GalSim-developers / JAX-GalSim

JAX port of GalSim, for parallelized, GPU accelerated, and differentiable galaxy image simulations.
Other
25 stars 3 forks source link

GPU performance degredation with wrapping code #96

Closed beckermr closed 3 months ago

beckermr commented 3 months ago

@ismael-mendoza and @aguinot found that the wrapping code for hermitian images is causing a big performance degradation on GPUs. We should investigate and fix.
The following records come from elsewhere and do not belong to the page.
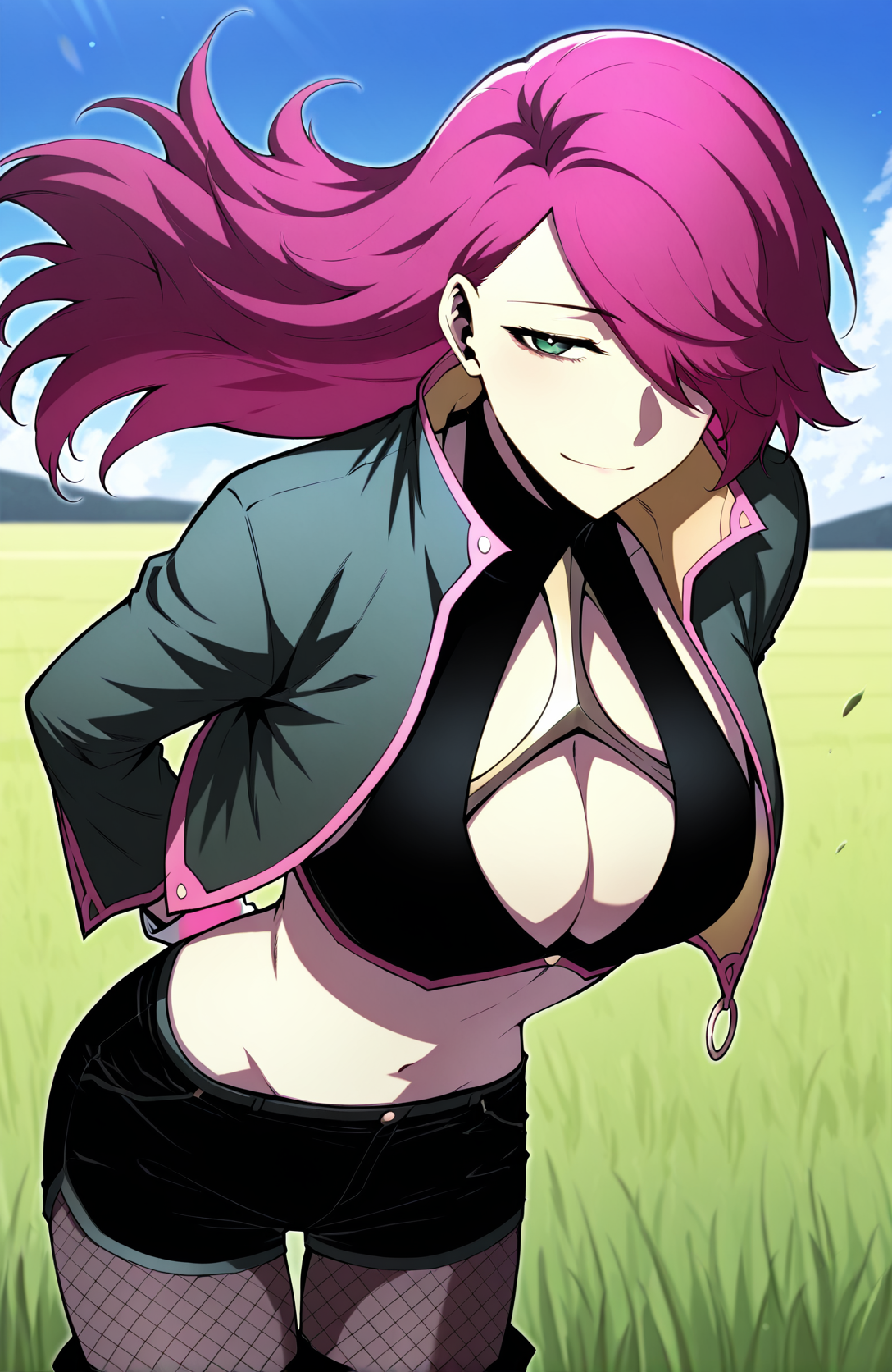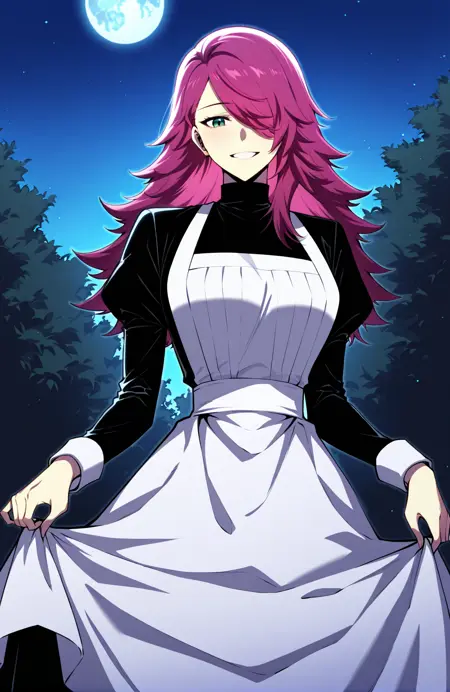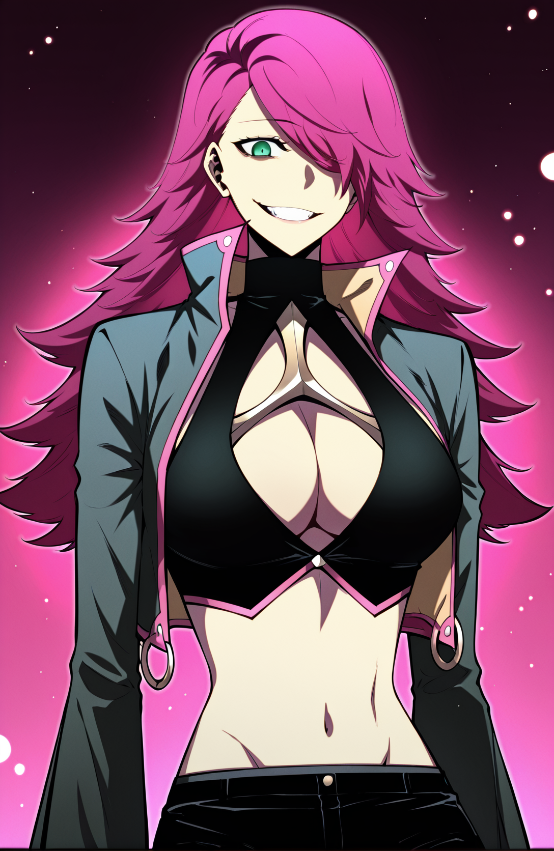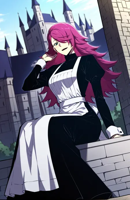 | Trained Words | Beris, 1 girl, solo, green eyes, magenta hair, long hair, voluminous hair, asymmetrical bangs, side swept bangs, hair over one eye,Copied! Beris_outfit1, black crop top, cleavage cutout, deep v-neck, open cropped jacket, green jacket, pink trim, exposed midriff, black shorts, fishnet stockings, thigh-high boots, white gloves, circular decoration on gloves,Copied! Beris_outfit2, maid uniform, black long-sleeve dress, high-neck dress, white apron, full length skirt, cuffed sleeves, white cuffs,Copied! |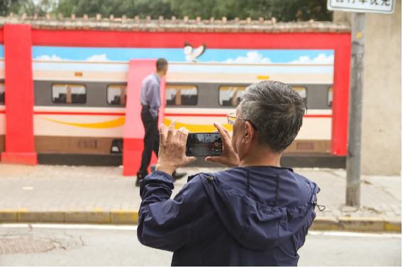 “以前这红砖墙又破又旧,砖头凸的凸、缺的缺,看着就没精神。现在多好,高铁一绘,立马有了现代感!”居民的感慨,道尽了围墙“微提升”带来的大变化。昔日破旧的围墙,如今成了展示太平桥形象的“文化窗口”,更让居民的认同感与归属感油然而生。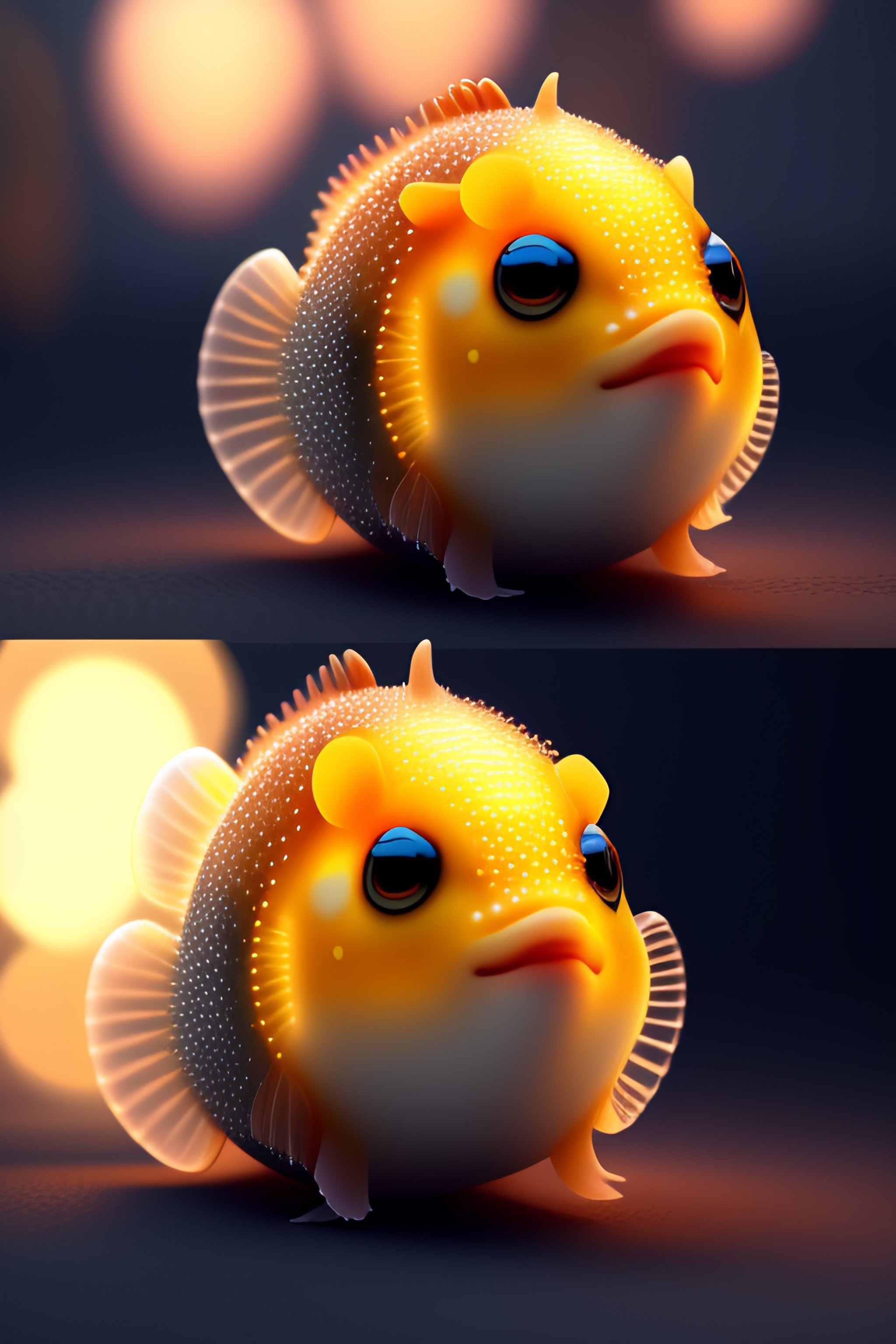Lexica A cute adorable baby puffer fish made of crystal ball Very well made.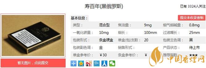 壽百年黑俄羅斯煙支長100mm,過濾嘴長25mm,華麗的金色煙嘴加上神秘的黑色煙身,絕對(duì)的高貴。下面我們一起來看壽百年黑俄羅斯的參數(shù)信息:焦油量:9mg 煙堿量:0.8mg 一氧化碳量:10m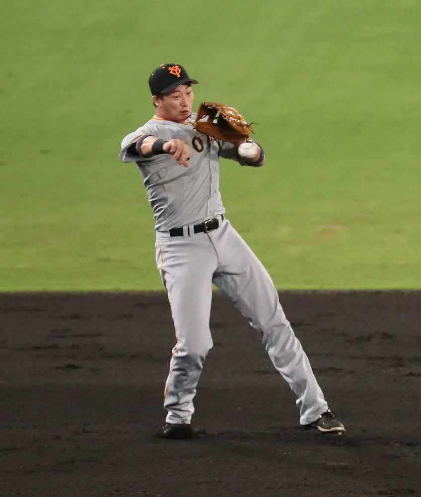 <神・巨>7回無死一塁、マルテの打球を捕球し送球するも二塁悪送球となり進塁を許す広岡(撮影・後藤 正志)
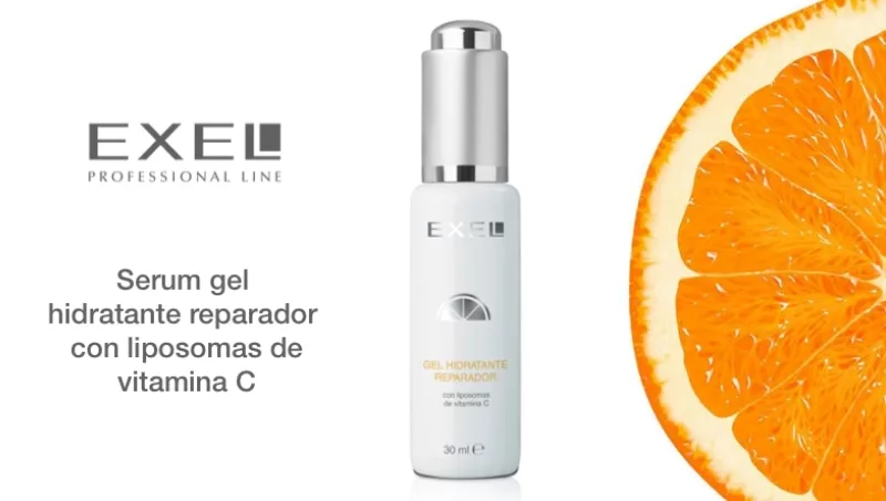 El gel hidratante reparador con liposomas de vitamina C Exel, de gran acción antioxidante y foto protectora, hidrata, repara y suaviza.

see this notebook: https://colab.research.google.com/drive/14RQYB4BSPcv-TeHzz-cDkTZa_jqkXfGe?usp=sharing

beckermr commented 3 months ago

Some idea on this

ismael-mendoza commented 3 months ago

thanks for posting the issue, one more datapoint that might or might not be helpful is that it runs fast on a TPU in google colab (but I don’t know too much about TPUs to know whether this clarifies the issue further)

aguinot commented 3 months ago

The fact that the code works "well" on CPU and TPU make me think that there could be a bug in a jax function that is architecture dependent. I haven't track down to which part of the code there is a bottleneck but I was think at the for loops with jax.lax.fori_loop but I haven't found any insight on that..
@beckermr I found the C version of the wrapping in GalSim (here) but do you know where we could find a description of what this function is doing?

beckermr commented 3 months ago

That function is a bear. I'd look at the non-hermitian version in jax to get the basic idea. It wraps a full image into a sub image at some location assuming periodic BCs.

beckermr commented 3 months ago

The hermitian stuff is just dealing with the half-complex format of some of the images.